Dataset entries Block Start

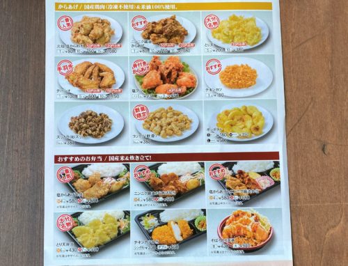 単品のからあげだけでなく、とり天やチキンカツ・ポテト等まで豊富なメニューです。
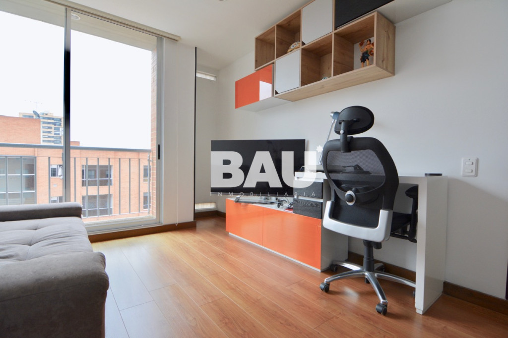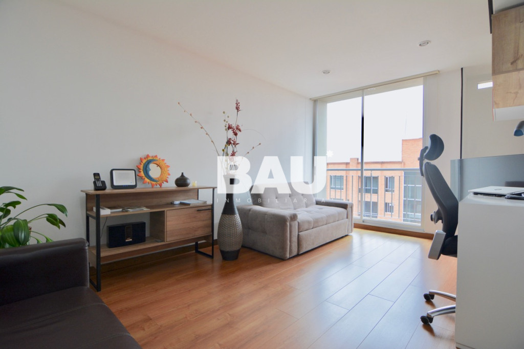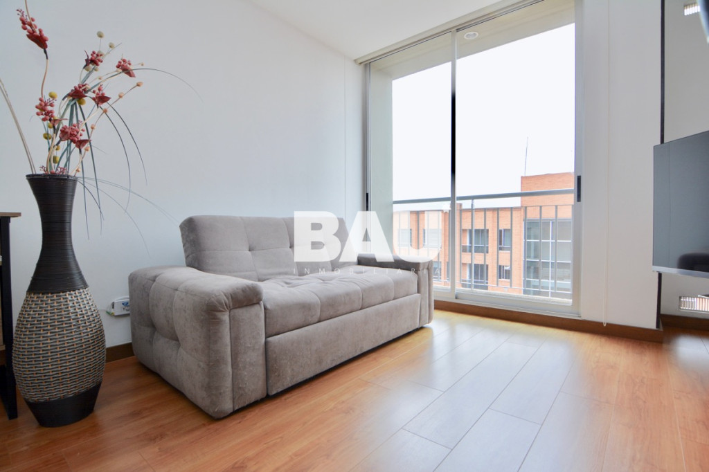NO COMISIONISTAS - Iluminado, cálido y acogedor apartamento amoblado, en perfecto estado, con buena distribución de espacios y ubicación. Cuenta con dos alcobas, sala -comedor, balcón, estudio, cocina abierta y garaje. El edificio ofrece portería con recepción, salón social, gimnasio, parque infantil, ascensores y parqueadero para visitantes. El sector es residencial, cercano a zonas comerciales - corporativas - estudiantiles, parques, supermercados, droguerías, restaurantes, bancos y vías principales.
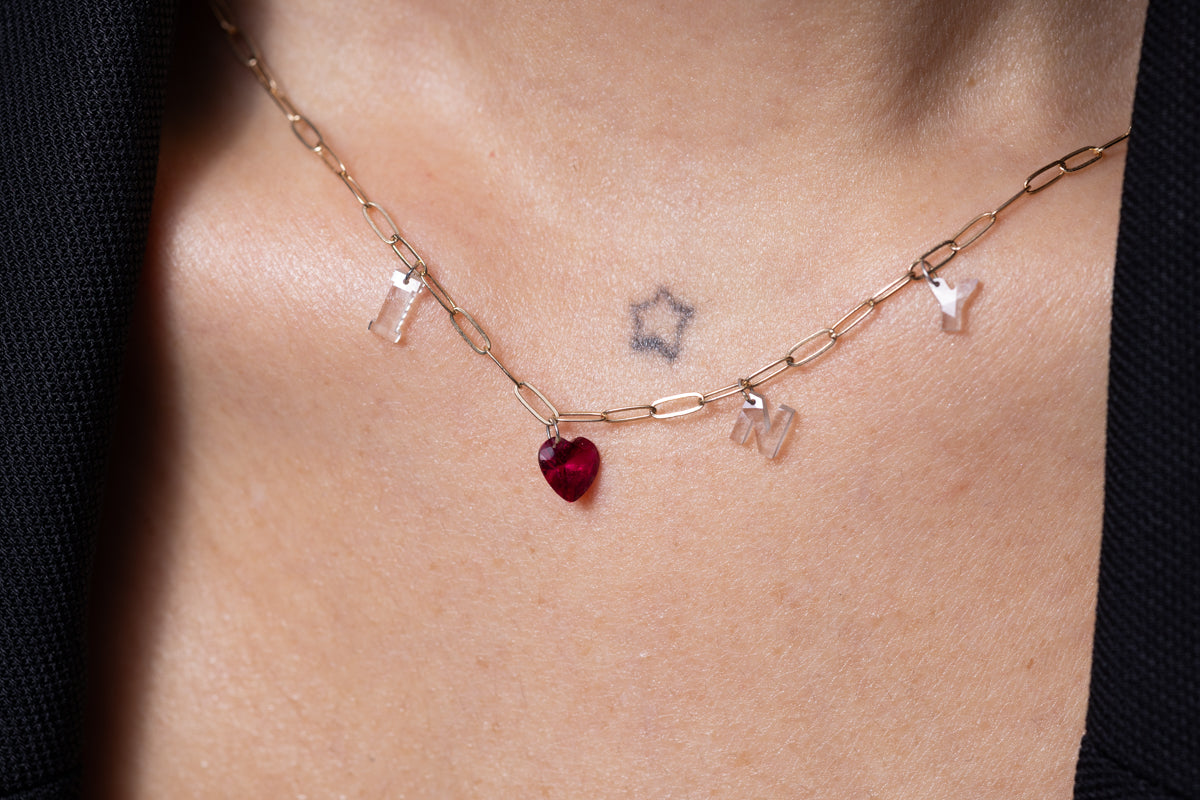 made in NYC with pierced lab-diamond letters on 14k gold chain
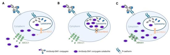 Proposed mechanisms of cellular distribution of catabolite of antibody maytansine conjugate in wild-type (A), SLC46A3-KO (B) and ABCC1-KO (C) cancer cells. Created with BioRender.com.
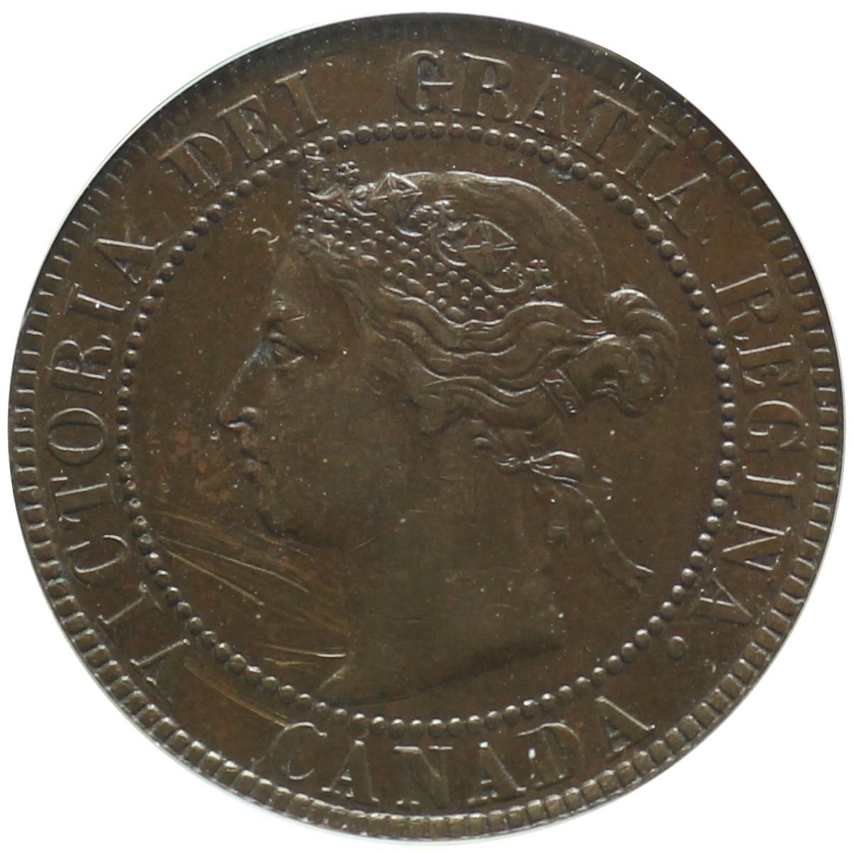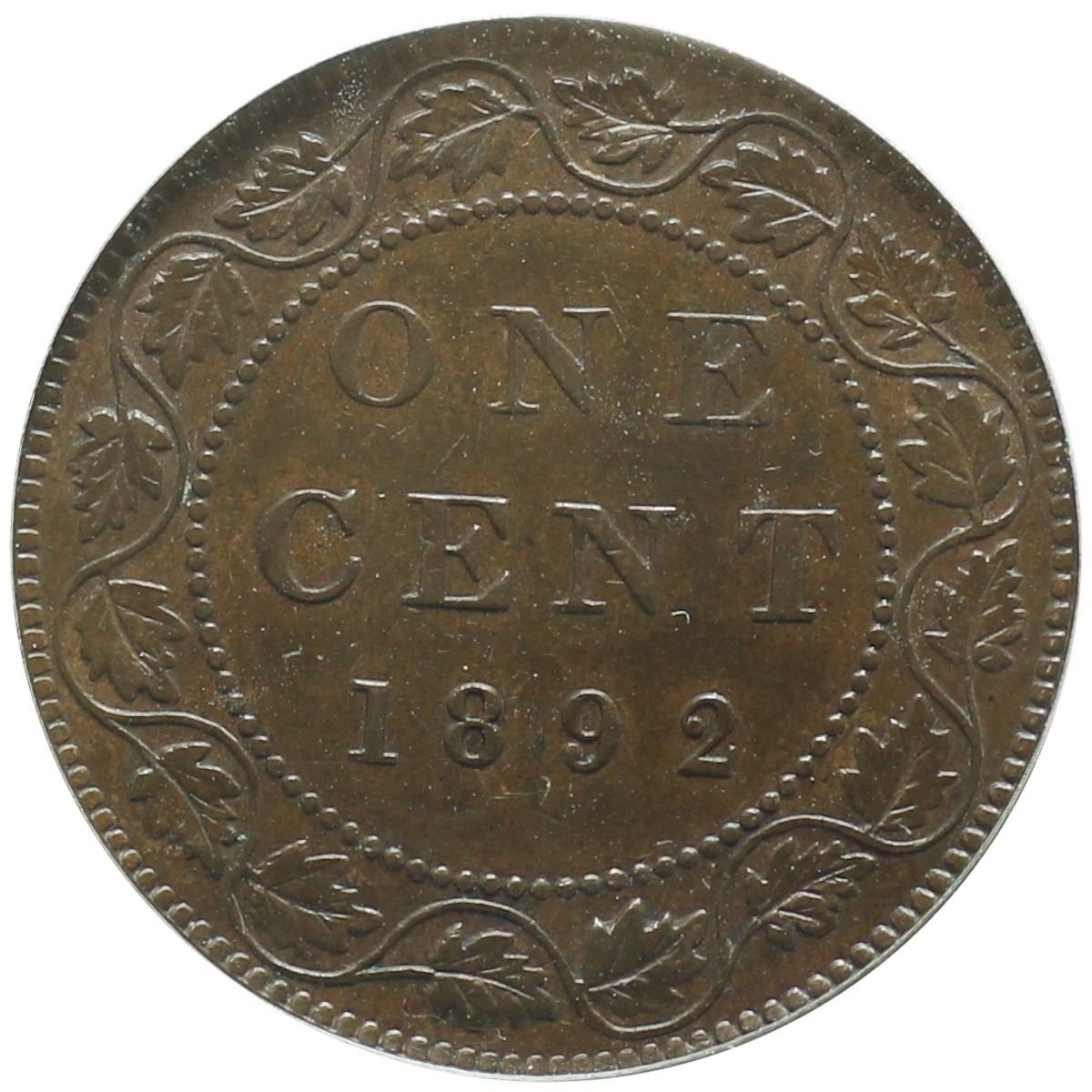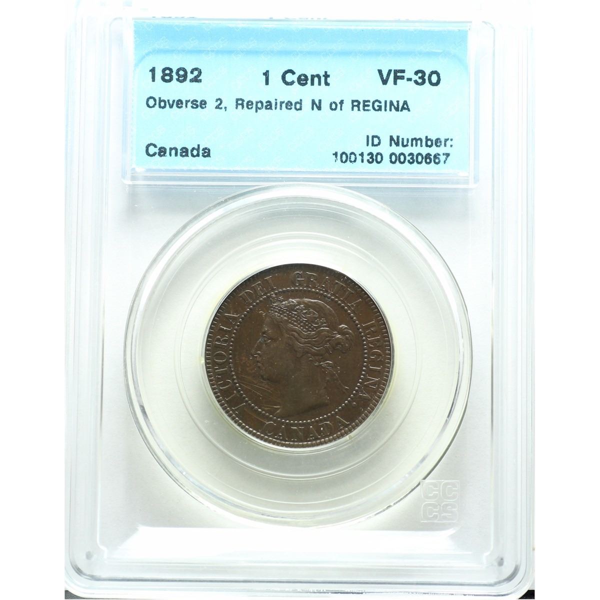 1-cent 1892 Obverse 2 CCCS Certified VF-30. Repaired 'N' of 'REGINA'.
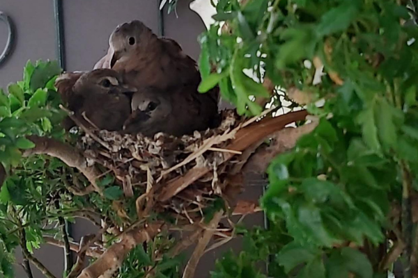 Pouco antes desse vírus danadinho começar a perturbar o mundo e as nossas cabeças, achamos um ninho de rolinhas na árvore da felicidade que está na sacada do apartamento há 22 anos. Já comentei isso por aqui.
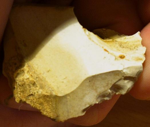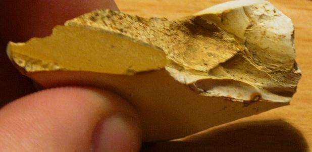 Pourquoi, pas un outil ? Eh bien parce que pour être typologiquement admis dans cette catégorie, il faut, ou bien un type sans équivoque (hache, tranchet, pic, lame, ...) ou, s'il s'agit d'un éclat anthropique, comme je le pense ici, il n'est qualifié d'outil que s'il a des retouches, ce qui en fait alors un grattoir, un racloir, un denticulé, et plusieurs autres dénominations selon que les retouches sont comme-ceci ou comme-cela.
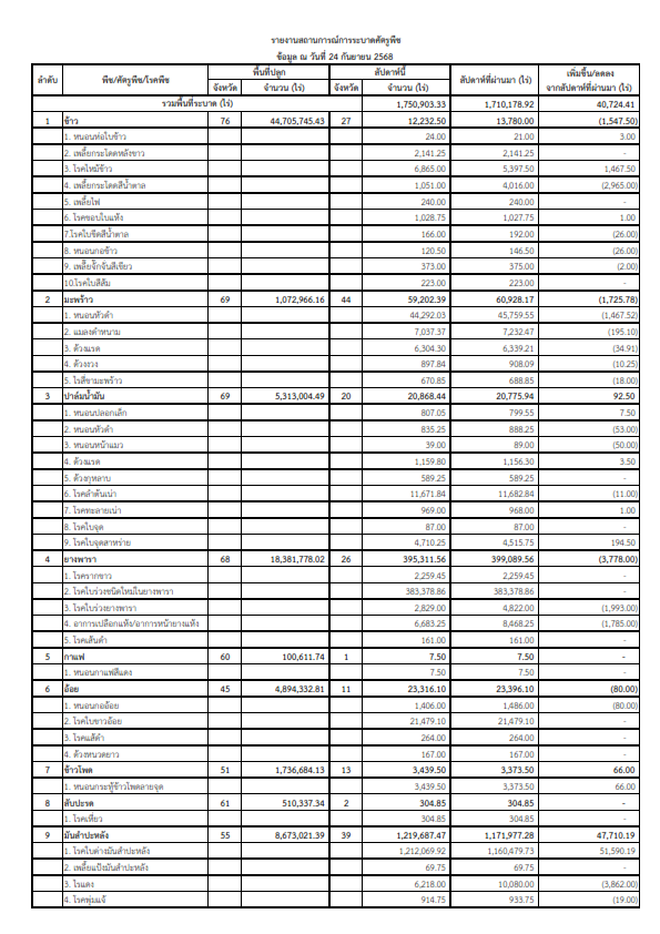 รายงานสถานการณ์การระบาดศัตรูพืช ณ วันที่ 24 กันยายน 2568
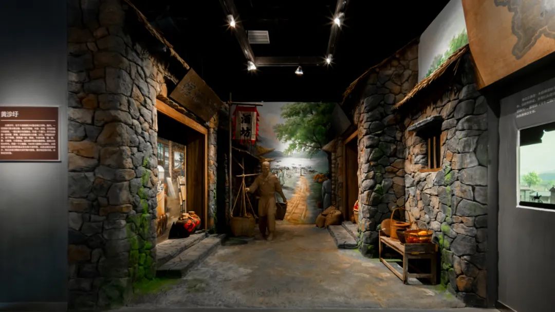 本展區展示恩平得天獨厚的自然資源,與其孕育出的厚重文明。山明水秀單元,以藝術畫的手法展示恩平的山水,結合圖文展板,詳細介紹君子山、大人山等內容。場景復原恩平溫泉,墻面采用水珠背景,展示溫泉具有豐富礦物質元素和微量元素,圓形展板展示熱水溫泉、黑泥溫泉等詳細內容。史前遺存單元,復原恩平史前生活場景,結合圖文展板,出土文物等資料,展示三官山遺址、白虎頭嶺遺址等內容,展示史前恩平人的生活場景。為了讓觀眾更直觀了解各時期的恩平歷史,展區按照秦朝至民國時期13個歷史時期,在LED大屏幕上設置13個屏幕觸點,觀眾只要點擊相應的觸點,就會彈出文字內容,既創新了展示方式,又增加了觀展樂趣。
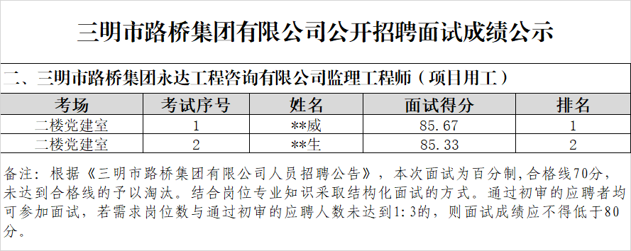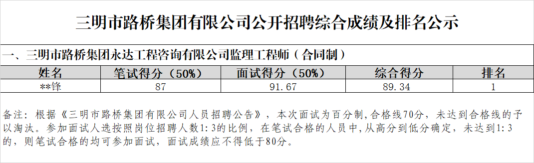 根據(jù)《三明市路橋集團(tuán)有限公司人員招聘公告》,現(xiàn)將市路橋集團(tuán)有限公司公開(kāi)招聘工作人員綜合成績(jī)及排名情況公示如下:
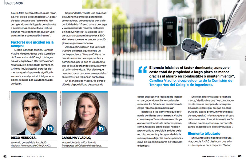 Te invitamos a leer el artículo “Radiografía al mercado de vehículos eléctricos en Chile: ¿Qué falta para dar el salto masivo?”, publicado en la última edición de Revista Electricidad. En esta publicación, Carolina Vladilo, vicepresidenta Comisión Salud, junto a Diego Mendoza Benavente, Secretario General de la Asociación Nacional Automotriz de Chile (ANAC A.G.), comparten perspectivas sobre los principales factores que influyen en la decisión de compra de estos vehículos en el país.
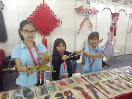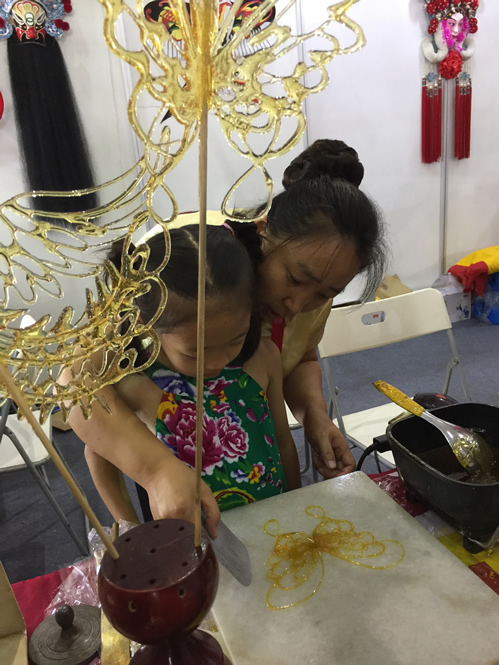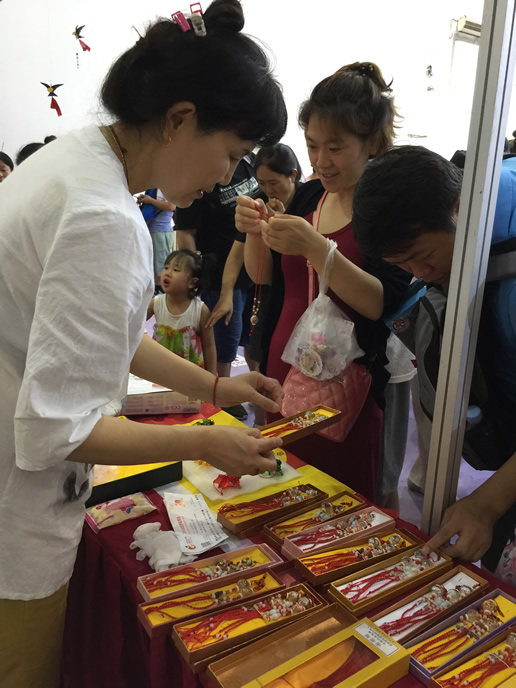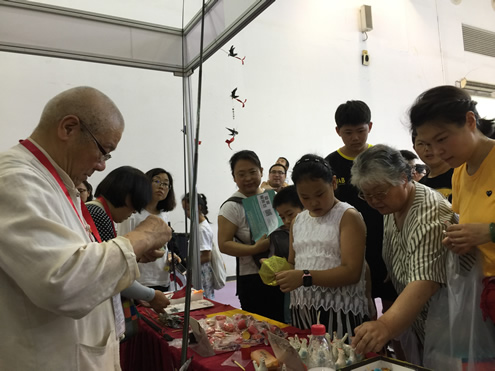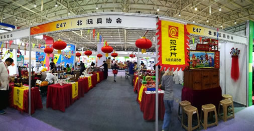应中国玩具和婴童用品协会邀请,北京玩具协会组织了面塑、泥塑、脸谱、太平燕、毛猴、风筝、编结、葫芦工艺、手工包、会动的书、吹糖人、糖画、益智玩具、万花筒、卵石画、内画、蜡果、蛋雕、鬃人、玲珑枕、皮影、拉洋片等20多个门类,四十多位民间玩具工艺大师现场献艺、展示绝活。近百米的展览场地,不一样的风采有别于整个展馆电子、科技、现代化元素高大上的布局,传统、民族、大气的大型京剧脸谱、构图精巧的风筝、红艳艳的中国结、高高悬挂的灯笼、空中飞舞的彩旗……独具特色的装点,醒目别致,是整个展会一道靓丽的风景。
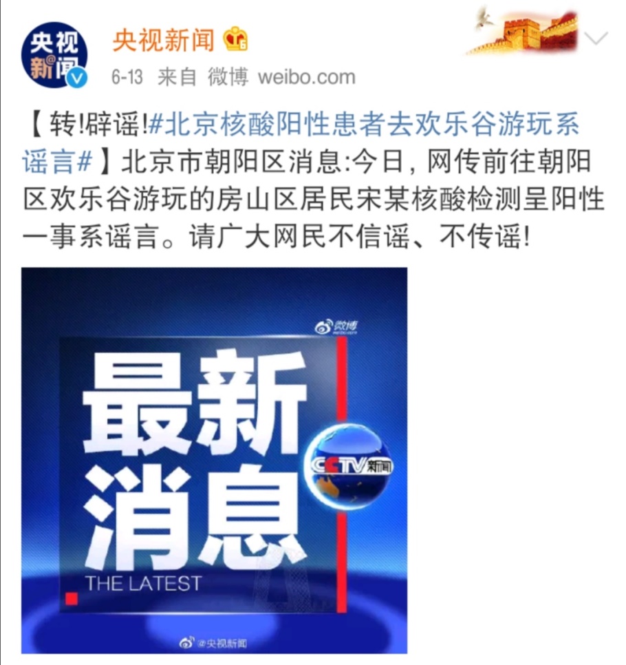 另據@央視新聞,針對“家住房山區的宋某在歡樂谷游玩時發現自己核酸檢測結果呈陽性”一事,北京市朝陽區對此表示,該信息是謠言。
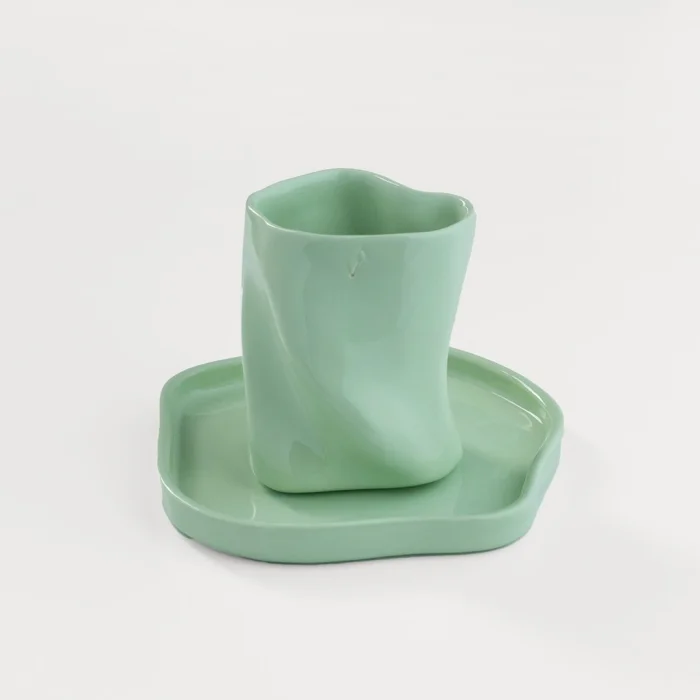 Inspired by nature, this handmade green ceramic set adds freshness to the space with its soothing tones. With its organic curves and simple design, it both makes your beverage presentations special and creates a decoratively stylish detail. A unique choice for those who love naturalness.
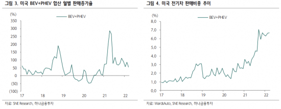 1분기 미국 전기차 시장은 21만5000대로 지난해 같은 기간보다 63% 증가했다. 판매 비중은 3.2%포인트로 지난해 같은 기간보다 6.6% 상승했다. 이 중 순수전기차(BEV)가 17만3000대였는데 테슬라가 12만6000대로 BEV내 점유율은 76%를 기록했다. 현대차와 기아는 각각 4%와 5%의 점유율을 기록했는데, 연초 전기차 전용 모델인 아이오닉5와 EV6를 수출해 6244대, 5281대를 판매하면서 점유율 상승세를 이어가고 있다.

Dataset entries Block End

About this task –
In the data above, the stretch from the line with "Proposed mechanisms of" through the line with "1-cent 1892 Obverse" is to be returned exactly, minus any pictures.

Written answer –
 Proposed mechanisms of cellular distribution of catabolite of antibody maytansine conjugate in wild-type (A), SLC46A3-KO (B) and ABCC1-KO (C) cancer cells. Created with BioRender.com.
 1-cent 1892 Obverse 2 CCCS Certified VF-30. Repaired 'N' of 'REGINA'.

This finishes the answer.